Acts of Being

Is It Science or is It Murky Water?

December 13, 2011 by loydf

Near the end of this amusing article, In Physics, Telling Cranks from Experts Ain’t Easy, John Horgan raises an interesting point about theories of physics:

Great scientists are great because they discern patterns in the flux of nature that elude us ordinary mortals; we should not be surprised when some patterns turn out to be illusory. Indeed, whole fields can descend into crankiness. Wertheim serves up her philosophical punch line toward the end of her book, when she turns her attention to mainstream physics and cosmology. She shares my sense that some popular suppositions—notably the notion that reality consists of extremely tiny strings wriggling in hyperspaces of a dozen or more dimensions, or that our universe is just one of an infinite number of universes—verge on pseudoscience, because they are even less experimentally testable than Jim Carter’s circlon theory. [The circlon theory is a ‘crank’ theory by an apparently well-intentioned and competent man, a self-educated amateur scientist, Jim Carter, who has become a friend of Ms. Wertheim, a science-writer who is a friend, in turn, of John Horgan.]

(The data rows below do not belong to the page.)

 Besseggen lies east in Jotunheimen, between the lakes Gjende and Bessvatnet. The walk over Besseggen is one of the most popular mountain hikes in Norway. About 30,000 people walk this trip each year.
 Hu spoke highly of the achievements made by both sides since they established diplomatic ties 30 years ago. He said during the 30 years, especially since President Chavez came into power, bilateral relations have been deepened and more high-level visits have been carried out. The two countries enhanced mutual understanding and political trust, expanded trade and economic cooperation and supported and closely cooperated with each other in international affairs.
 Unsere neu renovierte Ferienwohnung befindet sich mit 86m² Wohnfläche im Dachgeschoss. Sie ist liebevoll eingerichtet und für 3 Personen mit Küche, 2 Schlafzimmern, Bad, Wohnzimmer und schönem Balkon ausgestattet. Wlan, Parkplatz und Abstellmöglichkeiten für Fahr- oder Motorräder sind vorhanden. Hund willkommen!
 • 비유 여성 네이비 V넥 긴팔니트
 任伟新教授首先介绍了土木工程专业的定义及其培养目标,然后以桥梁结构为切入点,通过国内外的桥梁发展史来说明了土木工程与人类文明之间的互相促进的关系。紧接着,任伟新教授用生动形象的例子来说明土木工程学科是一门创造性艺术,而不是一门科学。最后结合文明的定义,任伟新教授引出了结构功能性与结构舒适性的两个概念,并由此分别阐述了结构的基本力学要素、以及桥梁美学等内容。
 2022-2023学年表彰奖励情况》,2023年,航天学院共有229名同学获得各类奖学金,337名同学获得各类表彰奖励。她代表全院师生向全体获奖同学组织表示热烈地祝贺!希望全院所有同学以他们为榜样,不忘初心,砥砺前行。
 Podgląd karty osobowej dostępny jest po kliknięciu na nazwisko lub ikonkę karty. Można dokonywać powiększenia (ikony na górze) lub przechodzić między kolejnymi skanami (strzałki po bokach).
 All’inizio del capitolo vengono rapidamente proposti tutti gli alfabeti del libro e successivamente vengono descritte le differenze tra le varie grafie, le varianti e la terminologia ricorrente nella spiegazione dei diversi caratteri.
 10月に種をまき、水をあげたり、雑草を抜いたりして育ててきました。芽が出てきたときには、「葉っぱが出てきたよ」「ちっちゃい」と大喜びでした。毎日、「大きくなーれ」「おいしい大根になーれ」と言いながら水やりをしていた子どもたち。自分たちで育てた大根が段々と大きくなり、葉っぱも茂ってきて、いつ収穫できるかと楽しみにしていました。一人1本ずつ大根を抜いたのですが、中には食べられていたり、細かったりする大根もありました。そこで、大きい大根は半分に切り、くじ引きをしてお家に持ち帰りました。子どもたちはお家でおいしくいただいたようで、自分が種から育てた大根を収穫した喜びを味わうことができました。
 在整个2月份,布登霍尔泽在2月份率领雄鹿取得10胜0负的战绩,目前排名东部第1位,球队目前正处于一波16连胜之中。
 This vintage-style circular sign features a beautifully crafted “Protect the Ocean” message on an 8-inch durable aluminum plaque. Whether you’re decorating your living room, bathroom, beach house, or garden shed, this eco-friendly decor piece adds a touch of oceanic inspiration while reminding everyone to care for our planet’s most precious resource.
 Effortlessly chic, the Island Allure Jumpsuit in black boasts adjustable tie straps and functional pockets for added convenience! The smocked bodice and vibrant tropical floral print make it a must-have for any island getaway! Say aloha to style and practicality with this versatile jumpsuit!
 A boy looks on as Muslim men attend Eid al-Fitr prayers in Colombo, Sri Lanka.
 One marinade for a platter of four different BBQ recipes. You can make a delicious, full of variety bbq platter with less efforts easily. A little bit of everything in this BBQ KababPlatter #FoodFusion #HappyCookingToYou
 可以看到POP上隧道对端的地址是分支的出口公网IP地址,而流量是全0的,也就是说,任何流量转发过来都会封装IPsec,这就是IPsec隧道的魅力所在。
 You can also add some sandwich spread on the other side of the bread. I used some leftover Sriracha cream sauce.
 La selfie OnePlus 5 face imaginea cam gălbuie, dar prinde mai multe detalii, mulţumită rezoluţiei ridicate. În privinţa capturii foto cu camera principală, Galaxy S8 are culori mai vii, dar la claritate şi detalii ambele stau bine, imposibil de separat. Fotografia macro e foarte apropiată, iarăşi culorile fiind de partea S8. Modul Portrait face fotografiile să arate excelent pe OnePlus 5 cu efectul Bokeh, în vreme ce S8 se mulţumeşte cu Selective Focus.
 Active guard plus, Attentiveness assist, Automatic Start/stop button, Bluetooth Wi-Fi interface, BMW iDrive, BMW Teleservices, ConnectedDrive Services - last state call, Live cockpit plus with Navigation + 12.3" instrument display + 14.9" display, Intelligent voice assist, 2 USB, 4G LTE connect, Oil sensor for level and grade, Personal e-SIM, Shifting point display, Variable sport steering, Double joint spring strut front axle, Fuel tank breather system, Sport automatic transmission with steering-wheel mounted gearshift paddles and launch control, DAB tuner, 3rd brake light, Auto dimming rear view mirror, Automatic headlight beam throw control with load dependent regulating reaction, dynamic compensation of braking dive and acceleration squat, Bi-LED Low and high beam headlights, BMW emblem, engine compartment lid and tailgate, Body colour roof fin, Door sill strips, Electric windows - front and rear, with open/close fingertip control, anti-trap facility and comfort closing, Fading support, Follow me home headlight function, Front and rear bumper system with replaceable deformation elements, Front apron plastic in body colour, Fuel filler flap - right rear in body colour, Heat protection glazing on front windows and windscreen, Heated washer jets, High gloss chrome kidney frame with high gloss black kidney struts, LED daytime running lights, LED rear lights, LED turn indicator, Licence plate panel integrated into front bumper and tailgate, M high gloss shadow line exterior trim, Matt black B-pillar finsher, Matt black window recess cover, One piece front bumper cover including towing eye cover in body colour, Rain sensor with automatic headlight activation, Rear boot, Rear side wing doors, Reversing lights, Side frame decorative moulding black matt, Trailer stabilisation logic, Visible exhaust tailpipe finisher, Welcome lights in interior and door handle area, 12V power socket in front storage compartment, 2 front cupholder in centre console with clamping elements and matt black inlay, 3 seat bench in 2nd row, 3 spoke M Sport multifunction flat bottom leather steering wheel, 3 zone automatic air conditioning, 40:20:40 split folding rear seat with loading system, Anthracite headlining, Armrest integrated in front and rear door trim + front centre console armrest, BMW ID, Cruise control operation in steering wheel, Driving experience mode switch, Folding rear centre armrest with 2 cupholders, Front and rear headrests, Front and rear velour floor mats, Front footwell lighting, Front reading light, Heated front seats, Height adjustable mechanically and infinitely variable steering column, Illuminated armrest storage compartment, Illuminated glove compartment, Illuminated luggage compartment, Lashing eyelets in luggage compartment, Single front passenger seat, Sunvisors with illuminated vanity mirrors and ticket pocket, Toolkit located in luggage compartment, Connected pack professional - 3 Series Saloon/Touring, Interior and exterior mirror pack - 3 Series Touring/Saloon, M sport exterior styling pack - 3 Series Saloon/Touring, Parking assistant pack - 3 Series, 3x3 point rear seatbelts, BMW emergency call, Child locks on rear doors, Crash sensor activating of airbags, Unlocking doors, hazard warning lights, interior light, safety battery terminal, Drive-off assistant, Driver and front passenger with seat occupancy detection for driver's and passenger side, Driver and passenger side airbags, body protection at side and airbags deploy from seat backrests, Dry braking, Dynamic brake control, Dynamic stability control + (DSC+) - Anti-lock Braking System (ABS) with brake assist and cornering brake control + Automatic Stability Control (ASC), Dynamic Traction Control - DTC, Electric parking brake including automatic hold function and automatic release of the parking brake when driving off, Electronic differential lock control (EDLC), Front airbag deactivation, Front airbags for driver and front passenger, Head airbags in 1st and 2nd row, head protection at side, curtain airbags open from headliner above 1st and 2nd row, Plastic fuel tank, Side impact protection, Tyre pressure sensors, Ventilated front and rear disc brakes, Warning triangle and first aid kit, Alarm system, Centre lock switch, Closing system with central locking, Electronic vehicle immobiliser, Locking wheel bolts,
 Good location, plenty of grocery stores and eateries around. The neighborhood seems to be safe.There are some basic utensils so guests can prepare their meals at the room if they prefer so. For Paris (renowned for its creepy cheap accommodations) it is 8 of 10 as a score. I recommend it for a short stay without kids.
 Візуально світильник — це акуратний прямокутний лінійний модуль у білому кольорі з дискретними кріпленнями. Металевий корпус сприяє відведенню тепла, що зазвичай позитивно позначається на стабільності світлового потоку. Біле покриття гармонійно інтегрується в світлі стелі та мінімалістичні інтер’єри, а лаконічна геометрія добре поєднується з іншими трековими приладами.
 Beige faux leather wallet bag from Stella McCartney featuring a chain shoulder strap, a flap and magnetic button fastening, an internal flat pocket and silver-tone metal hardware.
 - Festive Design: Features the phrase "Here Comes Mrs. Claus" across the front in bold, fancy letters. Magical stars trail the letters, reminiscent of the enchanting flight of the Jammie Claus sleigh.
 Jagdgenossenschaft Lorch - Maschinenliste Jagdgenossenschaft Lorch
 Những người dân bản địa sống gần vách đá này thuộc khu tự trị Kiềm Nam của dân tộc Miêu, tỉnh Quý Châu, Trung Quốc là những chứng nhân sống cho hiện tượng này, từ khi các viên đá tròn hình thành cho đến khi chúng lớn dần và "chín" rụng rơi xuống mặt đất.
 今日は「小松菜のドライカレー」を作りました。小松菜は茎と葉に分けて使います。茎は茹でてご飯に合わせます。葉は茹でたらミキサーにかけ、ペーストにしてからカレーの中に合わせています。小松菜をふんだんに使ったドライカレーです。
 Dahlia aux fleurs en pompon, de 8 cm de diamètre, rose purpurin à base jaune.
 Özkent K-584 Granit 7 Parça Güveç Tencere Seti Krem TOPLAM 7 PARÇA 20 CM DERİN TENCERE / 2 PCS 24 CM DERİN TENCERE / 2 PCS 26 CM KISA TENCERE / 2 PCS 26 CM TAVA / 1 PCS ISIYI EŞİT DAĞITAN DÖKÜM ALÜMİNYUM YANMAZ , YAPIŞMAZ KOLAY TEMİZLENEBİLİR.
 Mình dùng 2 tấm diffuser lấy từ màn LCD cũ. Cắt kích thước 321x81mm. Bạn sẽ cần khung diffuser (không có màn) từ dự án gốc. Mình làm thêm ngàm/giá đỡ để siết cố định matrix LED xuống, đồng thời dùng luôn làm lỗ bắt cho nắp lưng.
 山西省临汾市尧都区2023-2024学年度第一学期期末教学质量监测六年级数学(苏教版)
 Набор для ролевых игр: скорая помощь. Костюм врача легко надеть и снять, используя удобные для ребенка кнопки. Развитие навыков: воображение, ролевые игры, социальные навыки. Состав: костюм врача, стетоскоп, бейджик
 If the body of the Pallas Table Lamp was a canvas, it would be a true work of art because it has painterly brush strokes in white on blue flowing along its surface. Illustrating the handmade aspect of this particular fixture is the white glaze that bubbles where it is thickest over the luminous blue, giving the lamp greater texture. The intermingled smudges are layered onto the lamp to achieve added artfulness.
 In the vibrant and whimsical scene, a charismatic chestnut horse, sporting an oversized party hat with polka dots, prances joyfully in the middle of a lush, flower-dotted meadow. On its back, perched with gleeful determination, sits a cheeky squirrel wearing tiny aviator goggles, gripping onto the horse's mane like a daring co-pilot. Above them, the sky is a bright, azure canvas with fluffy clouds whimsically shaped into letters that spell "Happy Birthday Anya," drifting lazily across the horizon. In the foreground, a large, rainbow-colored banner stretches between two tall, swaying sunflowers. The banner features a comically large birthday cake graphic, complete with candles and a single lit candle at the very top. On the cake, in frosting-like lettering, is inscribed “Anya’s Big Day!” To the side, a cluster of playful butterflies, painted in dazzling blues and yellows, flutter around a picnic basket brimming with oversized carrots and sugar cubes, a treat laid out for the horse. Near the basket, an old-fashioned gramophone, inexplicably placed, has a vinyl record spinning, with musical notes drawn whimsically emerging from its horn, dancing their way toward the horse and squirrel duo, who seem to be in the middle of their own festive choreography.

It comes out earlier in that article that Newton wrote much that would have been considered ‘cranky’ by hard-headed advocates of science. Amongst Newton’s voluminous writings can be found much about alchemy, the ridiculous idea that lead can be transmuted into gold while everyone knows that gold is better made by transmuting hydrogen in gigantic nuclear fusion systems called stars, very large stars of the sort which might have been more common in the early years of this expansionary phase of the universe. It’s hard to distinguish between crank science and legitimate speculative work that might guide a more disciplined exploration of the question at issue. If there’s an alternative universe where the possibilities motivating alchemy were strongly despised, it might have taken more time to understand the basic processes of this universe.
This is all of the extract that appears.